Hit 'reply' on the wrong post - SpikyOrange specifically insinuated
curly-brace-free if statements are an abomination. To which I say:
pah!

Ben Schultz: They add clutter. Therefore, the onus is on you and not
on me - you need to prove why they are worth it. It would be silly to
ask me to prove why they are NOT worth it - then what's to stop you
from requiring that I prove why you do not need hungarian notation,
or, heck, commenting every line with a funny, unrelated joke. Note
also that the original poster I was trying to reply to (SpikeyOrange)
made this claim:

> For me it is as confusing and dangerous as when someone
> uses an if statement in Java without curly braces. I mean, c'mon, it's
> only a couple of braces ("it's only a return statement..."), but the
> danger of maintaining that code incorrectly [...]

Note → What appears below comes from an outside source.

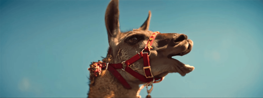 0:10 – He crawls hungrily/thirstily across the desert (beach) towards a woman and a llama. Fun fact: llamas do not live in deserts, or on beaches. This woman is shortly revealed to be…

Who's not leaving whom alone, here?

> [case statements in blocks]

You know, aesthetically, that wins. Unfortunately the auto-formatter
of eclipse bollockses that right up. Also, just because you have your
shiny block there, it doesn't mean your block auto-breaks. Which could
lead to confusion - mentally it LOOKS LIKE a for/if kind of block,
which don't just fall through, so I guess that's why it's technically
a bad idea. As a total sidenote, I never indent my case/default
statements; semantically they 'go with' the switch statement. This is
analogous to not indenting an 'else' relative to the correlated 'if'
statement.

> [coin proposal to do away with requirement to brace try/synchronized]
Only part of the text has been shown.